Marvin Lee Aikens v. Leo D. Jenkins, Etc.

534 F.2d 751, 1976 U.S. App. LEXIS 11813
CourtCourt of Appeals for the Seventh Circuit
DecidedApril 14, 1976
Docket75-1430
StatusPublished
Cited by47 cases

This text of 534 F.2d 751 (Marvin Lee Aikens v. Leo D. Jenkins, Etc.) is published on Counsel Stack Legal Research, covering Court of Appeals for the Seventh Circuit primary law. Counsel Stack provides free access to over 12 million legal documents including statutes, case law, regulations, and constitutions.

Bluebook
Marvin Lee Aikens v. Leo D. Jenkins, Etc., 534 F.2d 751, 1976 U.S. App. LEXIS 11813 (7th Cir. 1976).

Opinion

TONE, Circuit Judge.

Plaintiffs, who are inmates of Indiana State Prison, challenge certain statewide regulations promulgated by the Indiana Department of Correction which provide for censorship of literature.

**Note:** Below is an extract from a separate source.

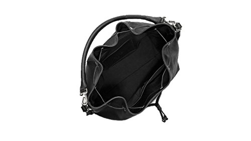 Description -saffiano leather bucket bag -removable single barrel top handle + shoulder strap -drawstring closure -logo plaque on front -removable hanging signature charm -interior zip pocket -2 open pockets -2 card slots + id window -fully lined Fabric + Care -saffiano leather -imported Fit + Sizing -6.5" handle drop -16" shoulder drop -15" wide x 11" tall x 6" deep Style Number - Style Number 36185284Feature
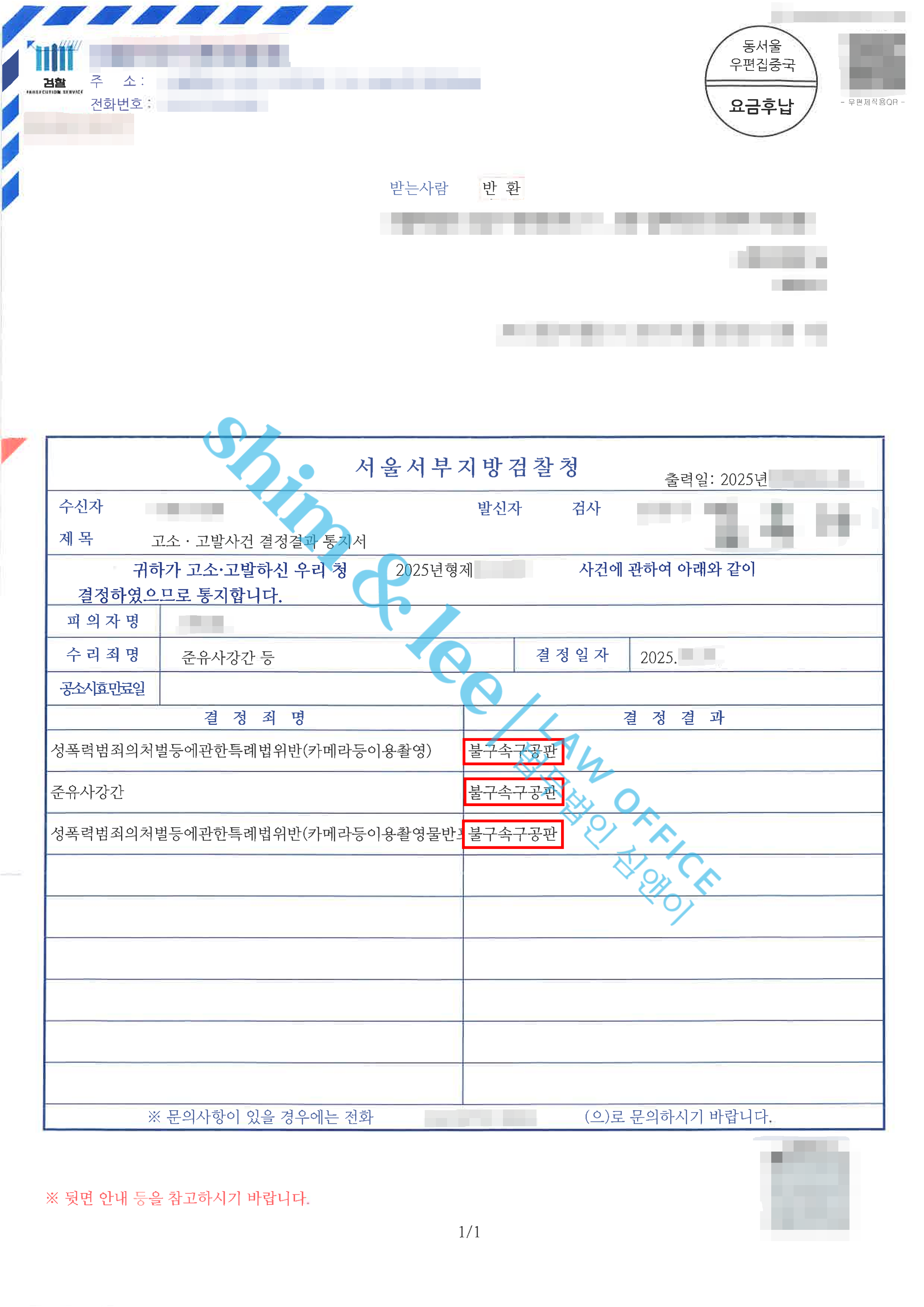 -피해자 입장에서는 이러한 절차적 판단이 이루어지는 과정이 낯설고 두렵게 느껴질 수 있습니다. 심앤이는 수사 과정 전반에서 피해자가 위축되지 않도록 곁에서 함께하며, 모든 절차가 정확하고 안전하게 이루어질 수 있도록 끝까지 조력하겠습니다.

Originally plaintiffs’ complaint under 42 U.S.C. § 1983 challenged disciplinary transfers and other prison practices. The challenge to censorship of literature was made by amended complaint shortly before the trial. After hearing the evidence the court, in an opinion reported in 371 F.Supp. 482 (N.D.Ind.1974), resolved several issues in favor of plaintiffs but reserved the censorship issue to await this court’s decision in Morales v. Schmidt, 494 F.2d 85 (7th Cir. 1974) (decision on rehearing in banc of a panel decision reported at 489 F.2d 1335 (1973)), which was handed down in March 1974. In April 1974, the Supreme Court decided Procunier v. Martinez, 416 U.S. 396, 94 S.Ct. 1800, 40 L.Ed.2d 224 (1974), which established principles that control this case. Following these decisions, the District Court in the case at bar, having conducted a further hearing, held the statewide Department of Correction (“DOC”) literature censorship regulations violative of the First Amendment in certain respects. 390 F.Supp. 663 (N.D.Ind.1975). The court also ruled on a policy position paper of the Indiana State Prison and the actual censorship practices at the prison, id., but these rulings are not challenged on appeal.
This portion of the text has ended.